Mehmet Cevat Rıfat Atilhan (1892 – 4 February 1967) was a Turkish career officer and antisemitic writer. Known as one of the most prominent Nazi sympathizers in Turkey, he was an initiator of the 1934 Thrace pogroms.

==Biography==
He was born in 1892 in Vefa, Constantinople. His father Rifat Pasha was the Ottoman Governor of Damascus. His grandfather was Hurşit Paşa, who was a British-born Hungarian revolutionary that sought refuge in the Ottoman Empire either after 1831 or after the Hungarian Revolution of 1848, and served as an Ottoman official principally in Bosnia Vilayet. The first years of his childhood passed in Damascus. Then he came to Constantinople and went to Fatih İptidaisi (primary school). After graduating from primary school, he started to Kuleli Military High School, preferring to military service. In his first days in the lieutenant years he took part in the Albanian campaign. He was taken prisoner by the Bulgarians in the siege of Edirne. Bondage lasted two years.

At the beginning of World War I, he was ordered by Ahmed Cemal Pasha to be posted in the Middle Eastern front. He came forward with his heroism in the Sinai and Palestinian fronts.

Upon the conclusion of the First World War, Mehmed Cemal Pasha of Mersin came to Konya. The establishment of the National Front had great benefits. He met with Sultan Mehmed VI as the first national representative. When Sultan Mehmed VI left his post, Damat Ferid Pasha had Atilhan arrested because of a conspiracy. He was imprisoned in the Bekir Ağa Bölgesi.

During the Turkish War of Independence, he was appointed as the commander of the fronts of Zonguldak-Bartın and its vicinity by Mustafa Kemal Pasha. It prevented the spread of the French Army in this region. Upon the victory of the War of Independence, he left the army and went into writing.

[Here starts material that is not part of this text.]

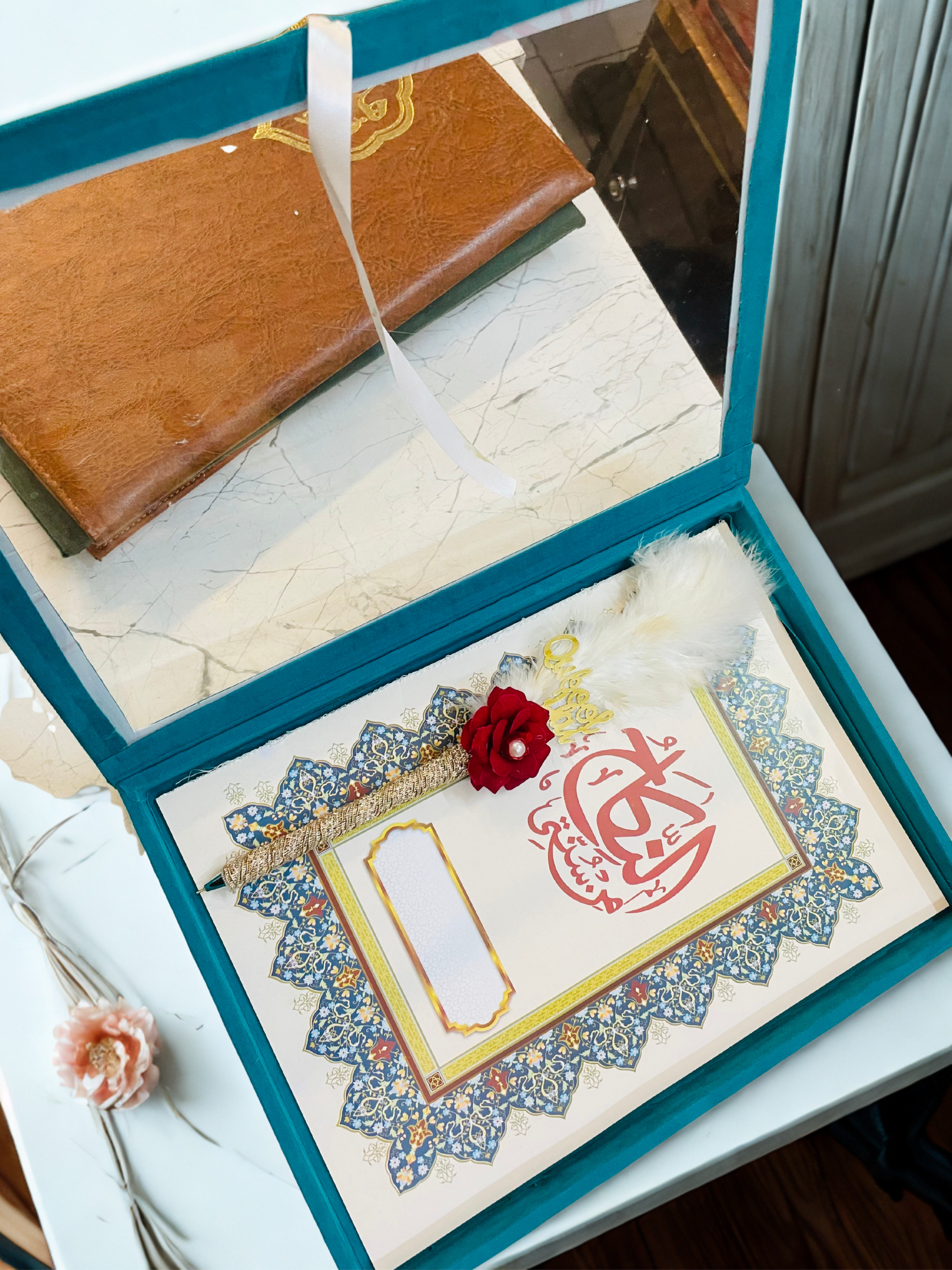 Encased in a glass box frame with a velvet finish, the design features intricate Islamic geometric patterns, gold foil detailing, and a special customizable section for your names and Nikah date. The decorative elements — including a red rose, gold key charm, and soft white feather — add a touch of romance and sophistication.

After in the late 1920s, Atilhan started publishing antisemitic books. After publishing Suzy Liberman, Jewish Spy in 1935, the Turkish Army gave the order to buy 40,000 copies and distributed them amongst the officers. The book was banned on September 17, 1936.

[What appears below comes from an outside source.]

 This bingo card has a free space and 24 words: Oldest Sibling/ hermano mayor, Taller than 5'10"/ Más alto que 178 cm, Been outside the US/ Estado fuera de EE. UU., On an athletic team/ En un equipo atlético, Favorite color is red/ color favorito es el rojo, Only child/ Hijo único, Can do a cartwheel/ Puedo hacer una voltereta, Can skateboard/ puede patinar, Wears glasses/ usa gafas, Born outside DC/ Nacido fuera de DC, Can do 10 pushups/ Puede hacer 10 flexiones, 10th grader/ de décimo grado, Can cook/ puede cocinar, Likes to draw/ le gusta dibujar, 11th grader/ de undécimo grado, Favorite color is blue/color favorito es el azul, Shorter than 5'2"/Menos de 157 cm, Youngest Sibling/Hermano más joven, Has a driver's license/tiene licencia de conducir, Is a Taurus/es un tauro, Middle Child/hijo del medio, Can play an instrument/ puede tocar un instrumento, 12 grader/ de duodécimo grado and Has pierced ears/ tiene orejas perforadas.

In 1940, Atilhan was arrested on suspicion of preparing a pro-Nazi coup. He was incarcerated for 11 months before being released by the results of an investigation led by Fevzi Çakmak. During the 1948 Palestine war, Atilhan organized the Turkish Legion, a volunteer unit composed of 300 retired Turkish soldiers, to fight against Israel. According to Atilhan, the Turkish volunteers managed to capture a village and later joined the Jordanian Army.

During the one-party period of Turkey, Atilhan who was close to the ideas of Turkism, contributed writings to two of the most influential magazines of Islamist ideology in early Turkey: Sebilürreşad and Büyük Doğu. His writings and his political activities affected growing Islamist movements in Turkey. He was one of the founders of the National Development Party in 1945 and the Democratic Party of Islam in 1951. He was arrested in 1952 along with Necip Fazıl Kısakürek in Malatya as responsible for the assassination attempt of Ahmet Emin Yalman. He was detained for 11 months and 15 days.

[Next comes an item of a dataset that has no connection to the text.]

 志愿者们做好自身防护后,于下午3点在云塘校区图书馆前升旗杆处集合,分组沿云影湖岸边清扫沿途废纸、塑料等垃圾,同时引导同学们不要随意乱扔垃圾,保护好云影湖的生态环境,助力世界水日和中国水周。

He wrote 74 works and thousands of articles. He was influenced by antisemitic politicians like Şerif Yaçağaz and Ali Galip Yenen. Because of his antisemitic writings, he was described as the 'Hitler of Turkey'.

In August 1964 he was invited to the Congress of the Islamic States in Somalia. He was elected as the chairman of the executive committee of the Congress. This post was his last major mission.

He died of a heart attack in Istanbul on 4 February 1967.